Real hard for a Sioux Co. conservative to say this, but . . .

gimme both! 

Many thanks to puritanize and others for keeping this forum working!!

Blessed Christmas and Happy New Year to all!


----------



## GawasFarm

Gimmie both and merry christmas! What an excellent site!


----------



## Russ61

I'd take both. Merry christmas guys !


----------



## DSLinc1017

Gimmie both!

I'll also take my social security, when I get there..... If there is any left!

I'm from Vermont too, But please don't type cast us all! I like to think I'm just an American.

Thanks for the great site and being a second farm family.

Merry Christmas and have a great new year.


----------



## ETXhayman

Bolts please!


----------



## Blue Duck

Gimme both


----------



## ontario hay man

Just look at all the liberals on here. Give me both they say. Oh wait dont read my post from before lol.


----------



## Tim/South

Either would be nice. The bolt on's would be my first choice though.


----------



## C & C Cattle and Hay

Gimme both. Lol
Merry Christmas to everyone!!


----------



## RockyHill

just can't bring myself to use the 'gimme' word  but if selected either, neither, or both

Appreciate the site and all the good exchanges of ideas.

Merry Christmas!


----------



## RockmartGA

Gimme bolts!

And I want to echo the sentiments expressed by many before me, this is a great website and I have learned a ton of information from the professionals who do this stuff for a living. Thanks to all for sharing your knowledge. You may have saved a few of us from gaining that knowledge the "painful" way.

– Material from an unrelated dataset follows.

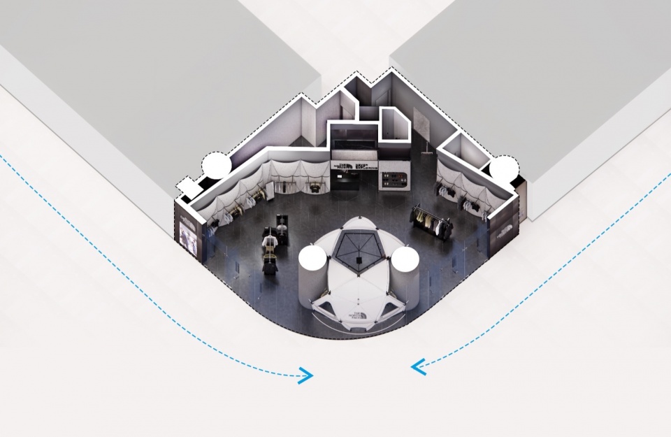 The North Face Urban Exploration is a special sub-line of TNF, designed for urban functionality and style. It aims to integrate the functionality and practicality accumulated from outdoor experiences into everyday city life. The core objective of this project is to create a space that fully embodies the spirit of TNF UE’s outdoor exploration and design philosophy.

God bless all and have a Merry Christmas.


----------



## somedevildawg

Gimme, gimme, gimme, you people are pathetic......
How bout go out and work your ass off and go buy you some bolt on hooks and oil, ever heard of that? Next you'll be wanting Uncle Sam to feed ya, clothe ya, provide healthcare, free fuel......this is how it all starts....damn giveaway programs.....

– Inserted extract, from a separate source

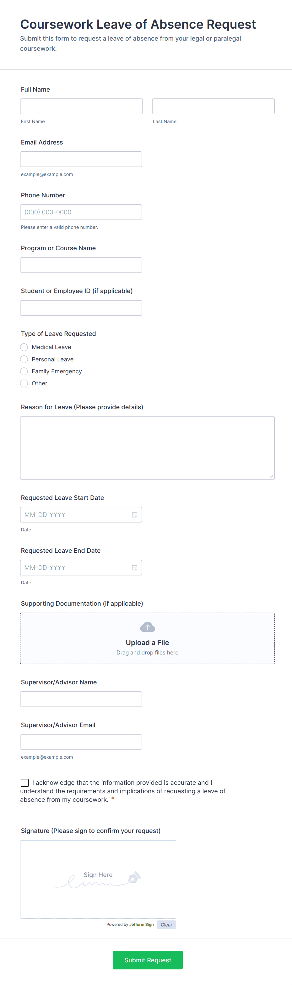 Each leave of absence form should include details like personal contact information, the duration of and reason for the absence, and any supporting documents. In Jotform’s collection of leave of absence form templates, you can find a vacation request form, a school staff leave form, a military leave form, and much more. Simply select the template of your choice and customize it to suit your needs in minutes with our drag-and-drop form builder. Jotform can help you get organized, streamline your workflows, and keep track of employee absences online with our leave of absence form templates.

Thanks to all who contribute to the site and thanks to those who keep it going, thanks to vol for all of his "links" and a special thanks to our creator for giving us Jesus Christ.

Now, gimme something and if you don't, ima hollering discrimination.....I'm just saying, better not be no damned Yankee winning this.......


----------



## ontario hay man

somedevildawg said:


> Gimme, gimme, gimme, you people are pathetic......
> How bout go out and work your ass off and go buy you some bolt on hooks and oil, ever heard of that? Next you'll be wanting Uncle Sam to feed ya, clothe ya, provide healthcare, free fuel......this is how it all starts....damn giveaway programs.....
> Thanks to all who contribute to the site and thanks to those who keep it going, thanks to vol for all of his "links" and a special thanks to our creator for giving us Jesus Christ.
> Now, gimme something and if you don't, ima hollering discrimination.....I'm just saying, better not be no damned Yankee winning this.......


It would be alot better if a Canadian won lol.


----------



## nathanhrnicek

Gimme both!!!


----------



## NDVA HAYMAN

Hook me up. Merry Christmas


----------



## puritanize

HERE are the winners 
Thanks everyone for making this a great forum, Merry Christmas to all 

barnrope - bolts
urednecku - bolts
DSLinc1017 - XPD
Bob M - XPD


----------



## urednecku

Thank you, puritanize, for running a tight ship.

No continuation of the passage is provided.